*PROBLEM STATEMENT:* Any picture in the material should be left out, while all other lines are copied exactly.
=== Section Start ===
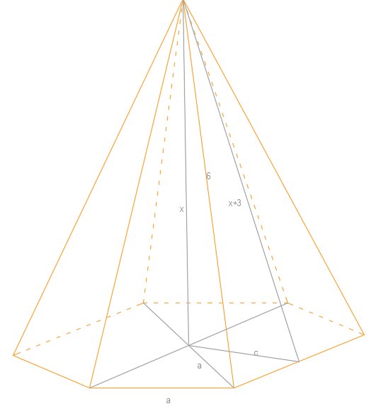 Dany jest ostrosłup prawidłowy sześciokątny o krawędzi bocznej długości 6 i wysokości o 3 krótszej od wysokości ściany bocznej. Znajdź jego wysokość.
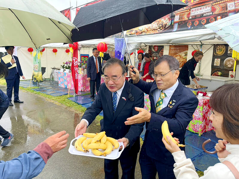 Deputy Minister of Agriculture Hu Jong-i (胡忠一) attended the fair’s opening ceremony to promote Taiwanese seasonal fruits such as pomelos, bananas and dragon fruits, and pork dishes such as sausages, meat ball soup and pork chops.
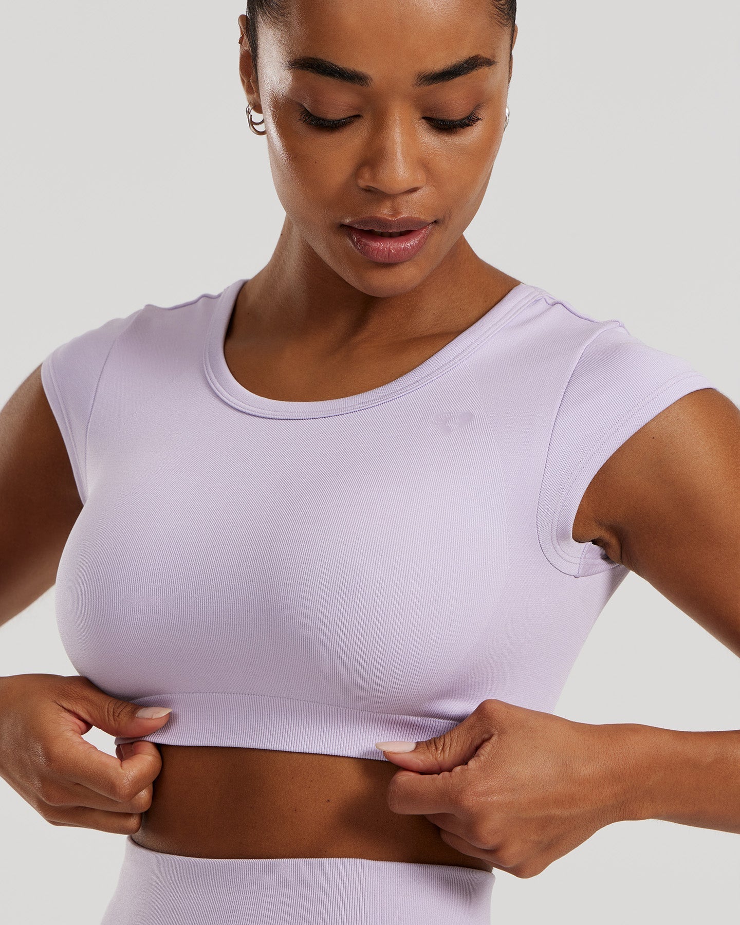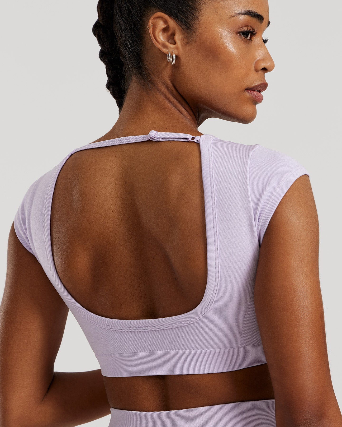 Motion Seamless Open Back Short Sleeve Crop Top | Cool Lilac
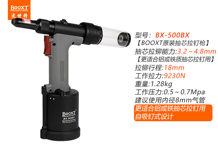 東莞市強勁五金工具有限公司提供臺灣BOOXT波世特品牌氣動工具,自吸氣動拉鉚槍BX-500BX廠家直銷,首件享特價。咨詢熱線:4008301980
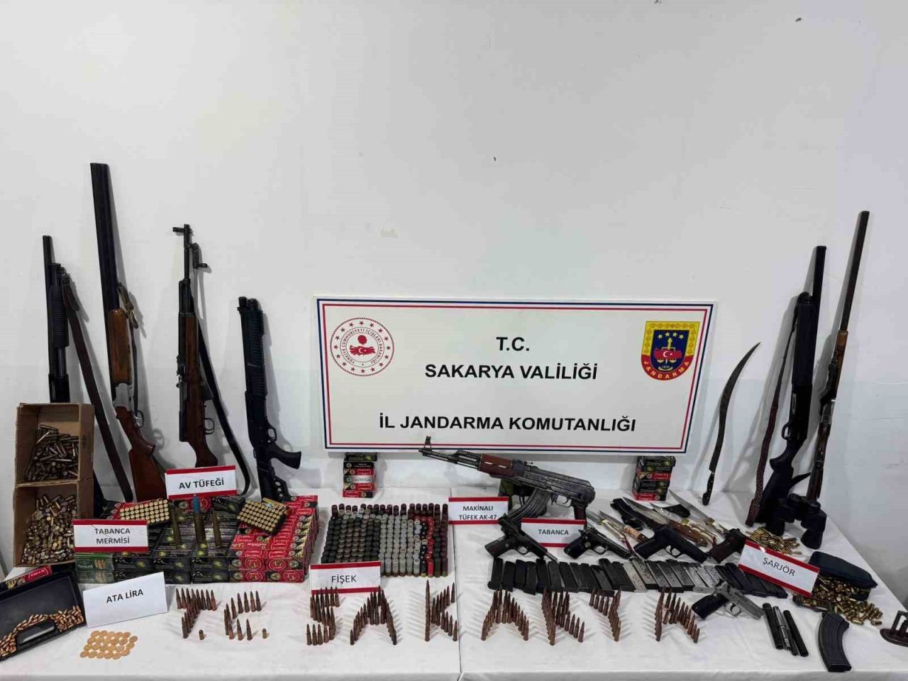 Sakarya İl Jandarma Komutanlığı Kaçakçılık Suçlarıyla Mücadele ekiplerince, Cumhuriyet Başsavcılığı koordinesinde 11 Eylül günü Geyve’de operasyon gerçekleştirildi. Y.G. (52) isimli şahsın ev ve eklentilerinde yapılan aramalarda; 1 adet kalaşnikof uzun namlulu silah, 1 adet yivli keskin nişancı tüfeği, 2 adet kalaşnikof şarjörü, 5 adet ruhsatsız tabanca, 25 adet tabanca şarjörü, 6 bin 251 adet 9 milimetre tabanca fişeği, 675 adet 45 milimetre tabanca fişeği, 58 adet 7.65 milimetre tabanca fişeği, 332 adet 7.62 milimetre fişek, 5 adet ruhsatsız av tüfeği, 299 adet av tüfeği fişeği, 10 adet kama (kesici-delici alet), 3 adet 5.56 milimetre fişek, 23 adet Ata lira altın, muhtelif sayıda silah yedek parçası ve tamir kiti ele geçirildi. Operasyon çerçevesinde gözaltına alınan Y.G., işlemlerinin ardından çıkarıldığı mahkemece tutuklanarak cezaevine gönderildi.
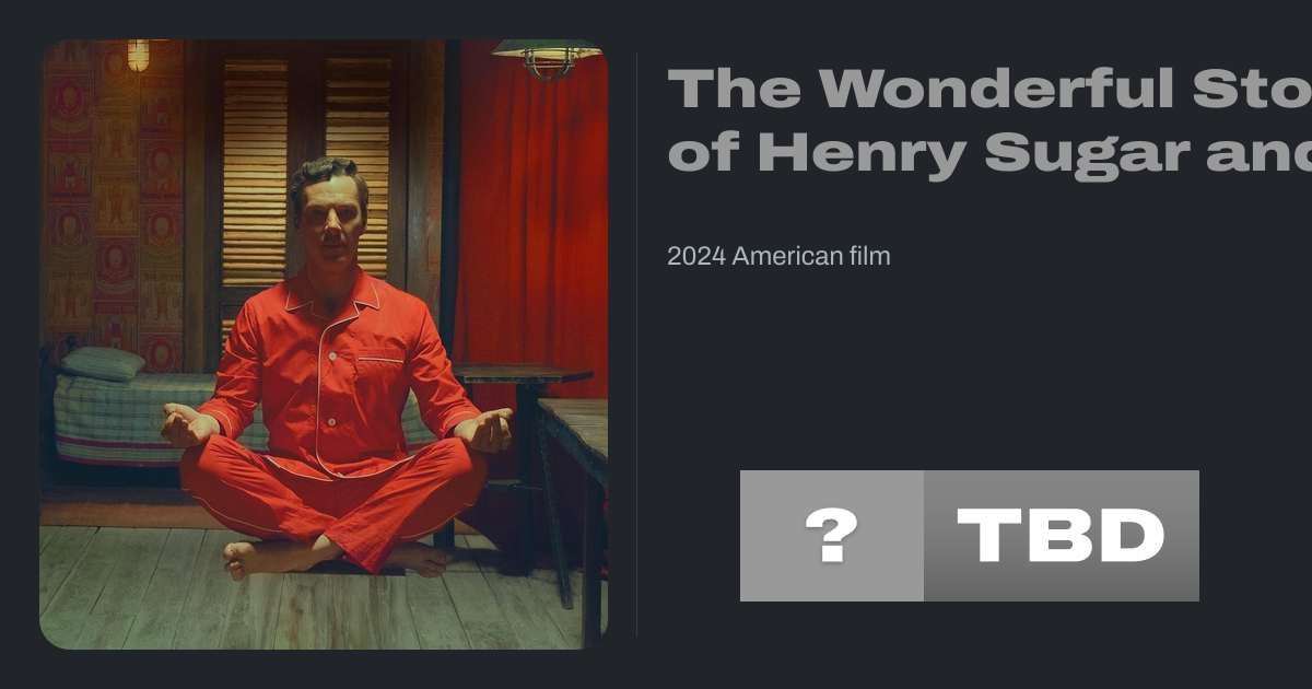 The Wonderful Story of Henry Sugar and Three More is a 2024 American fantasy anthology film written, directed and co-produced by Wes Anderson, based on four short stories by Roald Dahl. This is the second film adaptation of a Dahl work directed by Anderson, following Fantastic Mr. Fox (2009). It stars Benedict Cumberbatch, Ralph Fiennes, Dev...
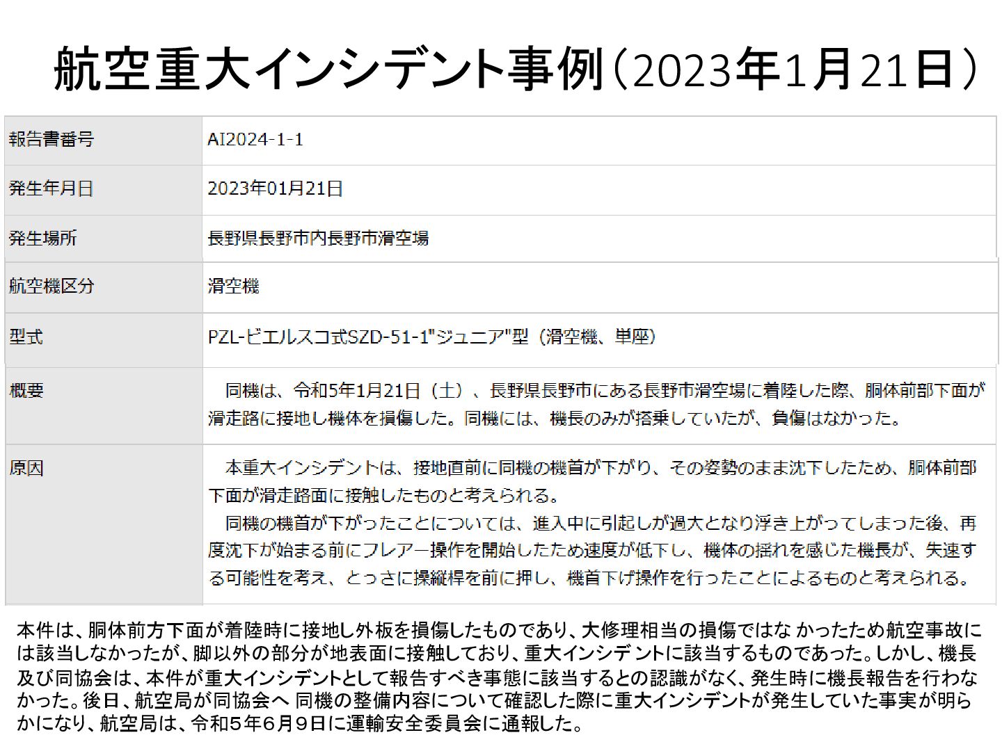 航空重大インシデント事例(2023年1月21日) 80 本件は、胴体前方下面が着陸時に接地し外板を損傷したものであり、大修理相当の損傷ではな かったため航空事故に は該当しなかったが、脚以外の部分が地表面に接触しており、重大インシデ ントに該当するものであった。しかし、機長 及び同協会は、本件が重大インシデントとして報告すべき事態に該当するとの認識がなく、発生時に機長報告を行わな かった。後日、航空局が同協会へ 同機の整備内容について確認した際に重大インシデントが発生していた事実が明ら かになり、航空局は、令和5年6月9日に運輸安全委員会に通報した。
=== Section End ===
*RESPONSE TO THE TASK:*
 Dany jest ostrosłup prawidłowy sześciokątny o krawędzi bocznej długości 6 i wysokości o 3 krótszej od wysokości ściany bocznej. Znajdź jego wysokość.
 Deputy Minister of Agriculture Hu Jong-i (胡忠一) attended the fair’s opening ceremony to promote Taiwanese seasonal fruits such as pomelos, bananas and dragon fruits, and pork dishes such as sausages, meat ball soup and pork chops.
 Motion Seamless Open Back Short Sleeve Crop Top | Cool Lilac
 東莞市強勁五金工具有限公司提供臺灣BOOXT波世特品牌氣動工具,自吸氣動拉鉚槍BX-500BX廠家直銷,首件享特價。咨詢熱線:4008301980
 Sakarya İl Jandarma Komutanlığı Kaçakçılık Suçlarıyla Mücadele ekiplerince, Cumhuriyet Başsavcılığı koordinesinde 11 Eylül günü Geyve’de operasyon gerçekleştirildi. Y.G. (52) isimli şahsın ev ve eklentilerinde yapılan aramalarda; 1 adet kalaşnikof uzun namlulu silah, 1 adet yivli keskin nişancı tüfeği, 2 adet kalaşnikof şarjörü, 5 adet ruhsatsız tabanca, 25 adet tabanca şarjörü, 6 bin 251 adet 9 milimetre tabanca fişeği, 675 adet 45 milimetre tabanca fişeği, 58 adet 7.65 milimetre tabanca fişeği, 332 adet 7.62 milimetre fişek, 5 adet ruhsatsız av tüfeği, 299 adet av tüfeği fişeği, 10 adet kama (kesici-delici alet), 3 adet 5.56 milimetre fişek, 23 adet Ata lira altın, muhtelif sayıda silah yedek parçası ve tamir kiti ele geçirildi. Operasyon çerçevesinde gözaltına alınan Y.G., işlemlerinin ardından çıkarıldığı mahkemece tutuklanarak cezaevine gönderildi.
 The Wonderful Story of Henry Sugar and Three More is a 2024 American fantasy anthology film written, directed and co-produced by Wes Anderson, based on four short stories by Roald Dahl. This is the second film adaptation of a Dahl work directed by Anderson, following Fantastic Mr. Fox (2009). It stars Benedict Cumberbatch, Ralph Fiennes, Dev...
 航空重大インシデント事例(2023年1月21日) 80 本件は、胴体前方下面が着陸時に接地し外板を損傷したものであり、大修理相当の損傷ではな かったため航空事故に は該当しなかったが、脚以外の部分が地表面に接触しており、重大インシデ ントに該当するものであった。しかし、機長 及び同協会は、本件が重大インシデントとして報告すべき事態に該当するとの認識がなく、発生時に機長報告を行わな かった。後日、航空局が同協会へ 同機の整備内容について確認した際に重大インシデントが発生していた事実が明ら かになり、航空局は、令和5年6月9日に運輸安全委員会に通報した。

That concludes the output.